Periodic Reporting for period 3 - POSTDATA (Poetry Standardization and Linked Open Data)
Reporting period: 2018-02-01 to 2019-07-31
The advantages of making poetry available online as machine-readable linked data are threefold: first, the academic community will have an accessible digital platform to work with poetic corpora and to contribute to its enrichment with their own texts; second, this way of encoding and standardizing poetic information will be a guarantee of preservation for poems published only in manuscripts or even transmitted orally, as texts will be digitized and stored; third: datasets and corpora will be available in open access, thus the data could be used by the community for other purposes, such as education, cultural dissemination or entertainment.

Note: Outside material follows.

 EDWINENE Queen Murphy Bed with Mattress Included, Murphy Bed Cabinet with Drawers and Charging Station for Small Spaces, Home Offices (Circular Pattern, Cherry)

On one hand, interoperability problems between the different poetry collections will be solved by using semantic web technologies to link and publish literary datasets in a structured way in the linked data cloud. For this purpose, we are building a poetry ontology. The first step was to build a domain model for poetry. Once this was finished, we started an environmental scan, we looked for metadata schemas that are related to the heterogeneous fields of Humanities. As a result, we selected more than 50 metadata schemas considering that they could contain concepts somehow related to our model and 15 controlled vocabularies. After this process, we continued with the vocabulary alignment, which consists of retrieving all possible candidates found in the metadata schemas selected during the environmental scan. This step allows building a semantic model in the Linked Open Data (LOD) ecosystem. Due to the complexity of the poetry domain, this ontology will be developed as a network ontology. The ontology will allow the communication of existing data that couldn’t be shared before. For instance, the project will provide a large amount of information (open science) to expand the frontiers of knowledge and research.

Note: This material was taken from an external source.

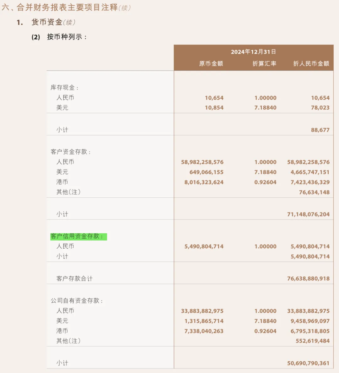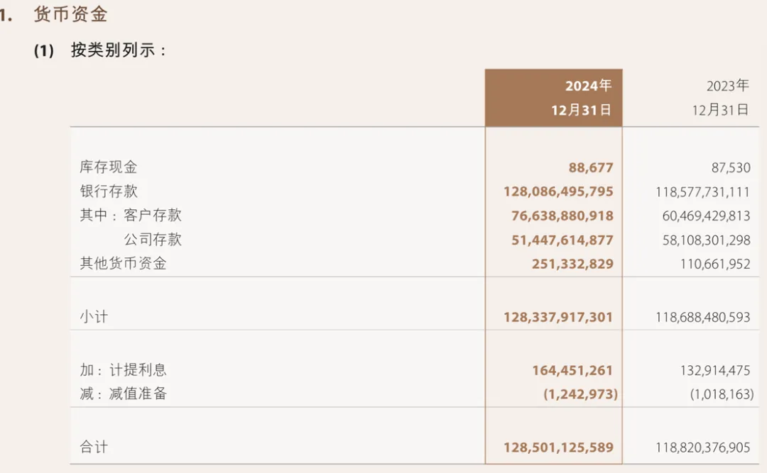 其银行存款还是将类别给列示出来,因为中金的业务性质与其他传统企业有所不同,银行存款还涵盖了客户的存款,因此就会出现两个账户。

On the other hand, automatization problems will be solved by the creation of a Poetry Lab. Thanks to this lab, researchers would be able to implement the most up-to-date language technologies and computational methods to process poetry data. Since no set of tools to address basic poetry issues existed before, the Poetry Lab will make life easier for researchers and users by democratizing technology and user experience.
Regarding the building of a poetry ontology, the project focused on finishing the domain model (DM) of the aforementioned Ontology. To that end, the final revision of the concepts of the domain model was carried out through the following tasks:
1. Analysis of the model of sixteen poetic repertoires.
2. Analysis of a survey addressed to the final users of poetic resources in order to understand the data needs of the users of poetry databases.
3. Analysis of the graphical user interface on the Web of Documents of five repertoires to retrieve the informational needs of specific poetic repertoires.
4. Analysis of six poems from different traditions to create use cases applying the data model.
5. Identification of the properties of the data model that need to be defined with a controlled vocabulary.
6. Query of multiple databases looking for LOD vocabularies that could contain vocabulary terms that could be incorporated into the ontology.
In total, twenty-three repertoires were analysed, covering sixteen different languages. http://postdata.linhd.es/partners/
In addition, the team has begun to prepare the validation process of the DM. This process consists in providing the means for an expert not familiar with POSTDATA’s DM to analyse a poetic resource in a manner compatible with our data model.
After finished this step, we started with the process of building the poetry ontology. Due to the complexity of the domain, we decided to build a network of ontologies instead with the purpose of easing the use of it.
Currently, three ontologies out of eight are delivered in the project web. http://postdata.linhd.es/prototype/.
Regarding the creation of tools for the automatic annotation of poetic features, the project carried out Natural Language Processing (NLP) research applying it to tool development and also worked on the creation of corpora. http://postdata.linhd.es/prototype/
Tools developed by the project:
- HisMeTag (Hispanic Medieval Tagger)
- ANJA (Automatic eNJambment detection)
- SKAS (Scansion in Spanish)
All these tools have been revised and updated using Spacy framework.
Semantic Modelling and Linked Open Data (LOD). The effort of gathering data with an encyclopaedic spirit was the origin of poetical repertoires. Interoperability among poetic repertoires is not simple, as there are not only technical issues involved, but also conceptual and terminological problems: each repertoire belongs to its own poetical tradition and each tradition has developed an idiosyncratic analytical terminology in a different and independent way for years. As no previous model of such a poetic conceptualization existed before, the common data model created will be one of the main and most innovative contributions of the project. Regarding the progress beyond the state of the art in this aspect, more poetic resources than the ones initially stated in the project proposal were found and analysed. This has made more difficult the modelling process, but as a result, POSTDATA´s model become more comprehensive and, especially, more rigorous.
Poetry Lab: it will include different levels of poetry scholarship, from the most formal processes to the most cognitive and subjective ones involving Artificial Intelligence techniques. In terms of Natural Language Processing, on one hand, the project worked on geolocation (with the support of the Pelagios project) implementing a tool valid for Spanish Medieval texts which overcomes the current state of the art. On the other hand, the project has made great progress in the automatic detection of enjambment, a difficult prosodic phenomenon to analyse.